This is the most impressive set of graphs that I have ever created based on the result of an automated solver:

![](http://imageshack.com/a/img922/1315/DAs5W0.png)

The significance is that the red and blue time-series profiles individually decompose from **non-overlapping intervals** of the ENSO record from 1880 to 2013. Each set of curves took over an hour to calculate by running the Excel solver. This is an agonizingly slow process as it iterates over likely billions of calculations, yet, in the end the sets of curves asymptotically converge to essentially the same result, apart from a ~1.5 month shift between the red and the blue sets.

The coloration pattern is an artifact of the blue lines being drawn in the foreground and the red lines in the background. As the fit is highly coincident, the red lines hide behind the blue lines and only pop out where there is a discrepancy between the values. So the more blue you see, the higher the correlation coefficient. And based on my experiences, any coefficient above 0.8 is excellent agreement for highly oscillatory waveforms such as these.

This is one of those results that is well beyond requiring a statistical significance check since a coincidentally random convergence would obviously be extremely remote.

At the very least, this result should put to rest that ENSO is either a (1) chaotic or (2) random behavior. I am convinced the reason that the deterministic behavior has not been revealed in previous research is because applying a Mathieu modulation of a two-year period was never considered. This never occurred to anyone despite the fact that every text on the hydrodynamics of liquid sloshing asserts that a Mathieu-based wave equation represents the physics of the process, although not considered on an oceanic scale. Each of the following books and papers touches on that aspect:

* Benjamin, T. Brooke, and F. Ursell. "The stability of the plane free surface of a liquid in vertical periodic motion." Proceedings of the Royal Society of London A: Mathematical, Physical and Engineering Sciences. Vol. 225. No. 1163. The Royal Society, 1954.
* O. M. Faltinsen and A. N. Timokha, *Sloshing*. Cambridge University Press, 2009.
* O. M. Faltinsen, “A numerical nonlinear method of sloshing in tanks with two-dimensional flow,” Journal of Ship Research, vol. 22, no. 3, 1978.
* G. Wu, Q. Ma, and R. Eatock Taylor, “Numerical simulation of sloshing waves in a 3D tank based on a finite element method,” Applied Ocean Research, vol. 20, no. 6, pp. 337–355, 1998.
* R. A. Ibrahim, *Liquid sloshing dynamics: theory and applications*. Cambridge University Press, 2005.
* J. B. Frandsen, “Sloshing motions in excited tanks,” Journal of Computational Physics, vol. 196, no. 1, pp. 53–87, 2004.
* F. Dubois and D. Stoliaroff, “Coupling Linear Sloshing with Six Degrees of Freedom Rigid Body Dynamics,” arXiv preprint arXiv:1407.1829, 2014.
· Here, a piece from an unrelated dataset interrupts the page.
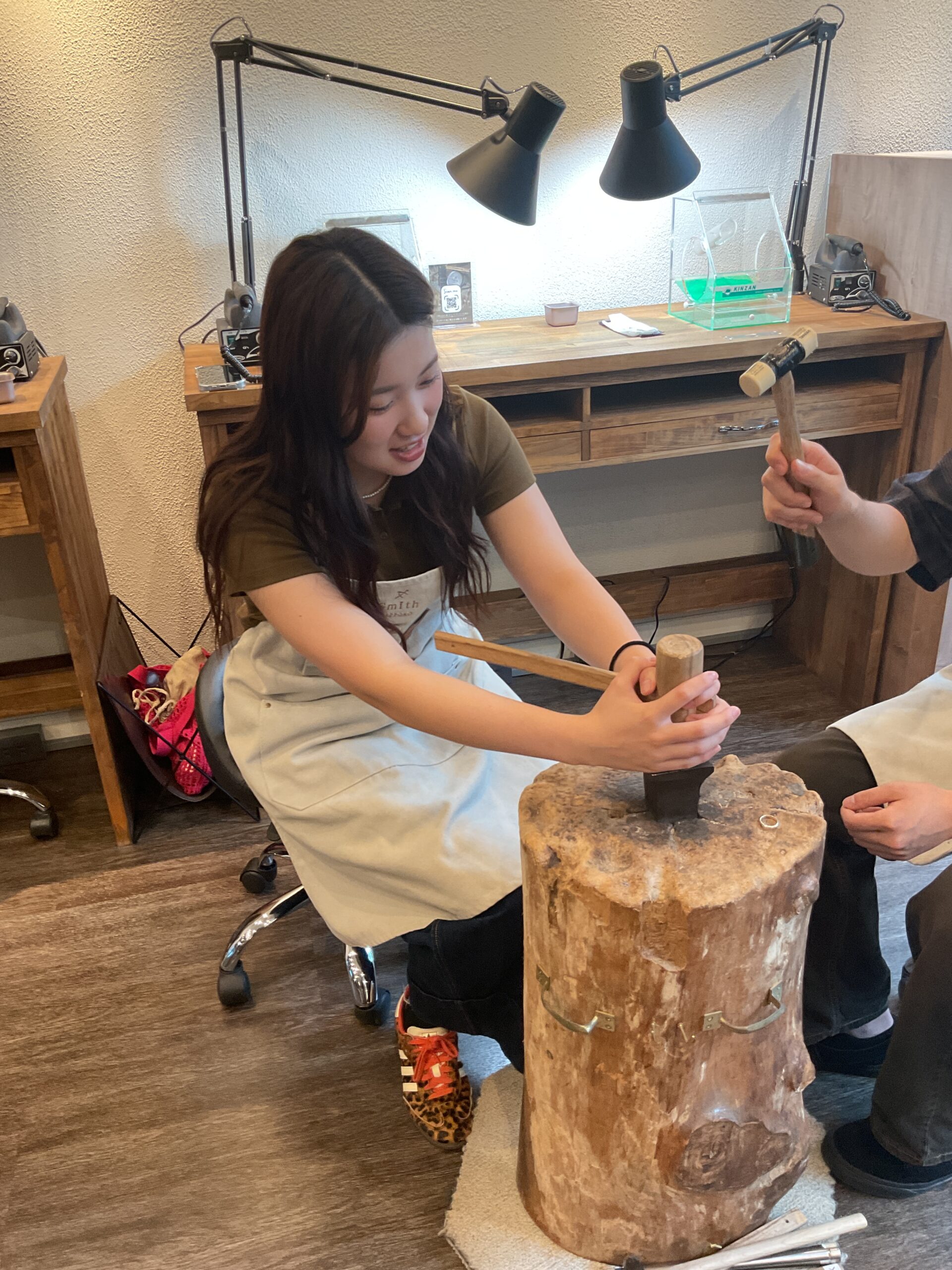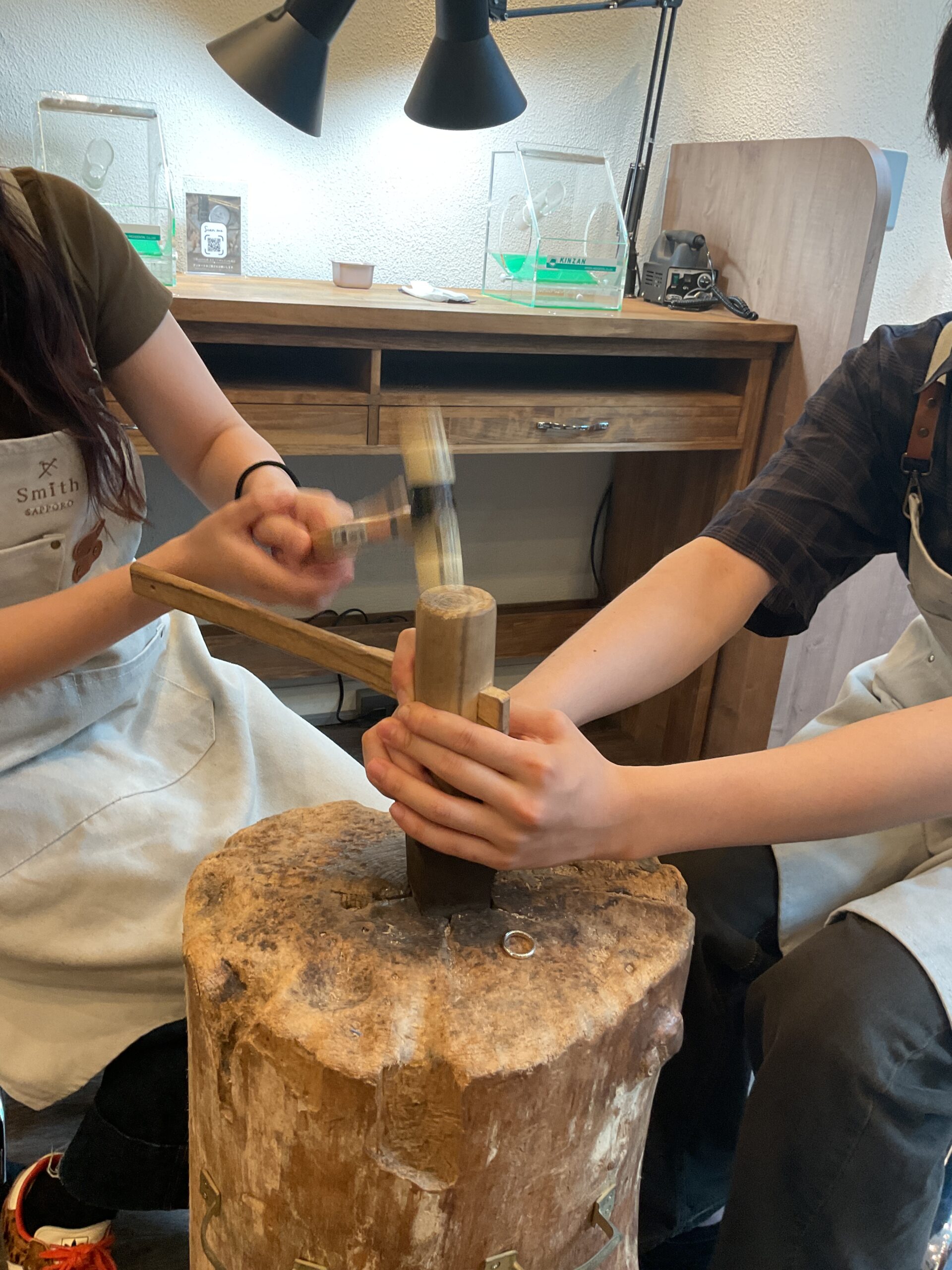 基本の形は3mmの甲丸リングに、テクスチャーは鏡面ハンマーをお選びいただきました。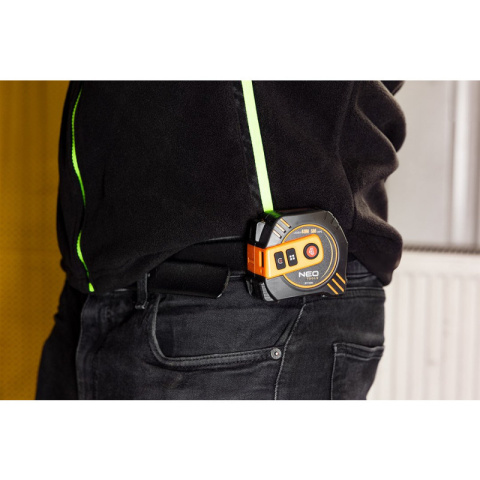 Dalmierz laserowy NEO TOOLS wykonany w klasie II, obsługuje jednostki pomiarowe: m, in, ft. Z jego pomocą możliwe jest wykonanie pomiaru odległości, pola powierzchni, objętości, pomiaru ciągłego, Pitagorasa, dodawanie oraz odejmowanie, pomiaru maksymalnego i minimalnego, pomiaru od początku i końca urządzenia.

The one recent paper that may be the supporting groundbreaker, along with a cited paper, is

* J. Rajchenbach and D. Clamond, “Faraday waves: their dispersion relation, nature of bifurcation and wavenumber selection revisited,” Journal of Fluid Mechanics, vol. 777, p. R2, 2015. [PDF here](http://contextearth.com/wp-content/uploads/2016/10/rajchenbach2015.pdf)
* Skeldon, A. C., and A. M. Rucklidge. "Can weakly nonlinear theory explain Faraday wave patterns near onset?." Journal of Fluid Mechanics 777 (2015): 604-632.

They make some strong claims concerning our understanding of the dispersion of waves, in particular when placed in the context of a Mathieu modulation.